It was clear the little crew had never done much beyond a little bobber&worm for panfish. Ahh, the joys of Salmon season, when everyone gets Salmon Fever. Even with a kids pole with a beetle-spin lure tied to it, being cast 15-20 feet at a time. 

I had to take a break and retreated to the truck for a bit. I picked up my phone to check the “Major/ Minor” periods for the day. I have never understood those and want to learn more about them. I can only sometimes use those anyway; today was just a brief chance to fish that I had to take with or without that info. But the good news was: a Major was starting the very minute I was looking at the phone!

And you can guess what happened next: the hyper kid with the Beetle-Spin had his rod bend majorly for 10 seconds or so.
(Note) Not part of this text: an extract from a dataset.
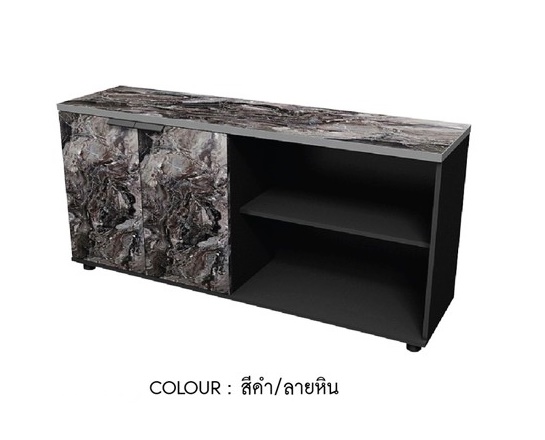 ตู้ต่อข้าง 2บานเปิด 2ชั้นโล่ง HBC-1540 (สีดำ/ลายหิน)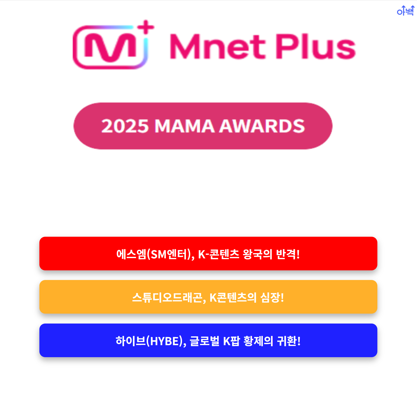| 하이브 | BTS·세븐틴·뉴진스 등 MAMA 출연 | 플랫폼(위버스), 굿즈, 공연 |

Salmon!

Amazingly, this didn’t keep the little group out there. Gitchee Gumee came through, big time. This was probably the first day this fall with wind chills in the 40s and wind speeds were increasing dramatically. Even Gramps wasn’t dressed for that. Even better, a cloud deck was finally starting to cover that horrible clear blue sky. 

As the chaos bunch pulled out of the parking lot, I caught my first Coho of the year on the trusty 1 oz. orange Kastmaster that flew through the wind with the greatest of ease. I lost another one 15 minutes later. Alas, a Male, no bait yet, and no more time to fish as I had to turn back into a Troll for another week or so of work. 

But some Coho are in-shore at least. I do expect a good run this year, based on the WI DNR data from the fish ladder at the Brule - 2018 was a peak year. I have seen creeks fill up with these fish the week of Halloween, but then I have seen several White Halloweens as well. I think this year will be the former. Can’t wait to get back to ‘em


----------



## Gilb's Gills (Oct 6, 2015)

I was up for work this past week and had some time to fish local tribs. With the recent rains I figured there might be a fresh push, and I was more than happy to confirm that prediction! Landed a nice coho in the first few







minutes, then proceeded to hook 4 LRBs over 24”. Best brown fishing I’ve ever seen! Only landed a couple browns that first day, and one the next. Beautiful fall colored fish all released to battle another day.


----------



## hypox (Jan 23, 2000)

I'm finding far more steelhead that ho's


----------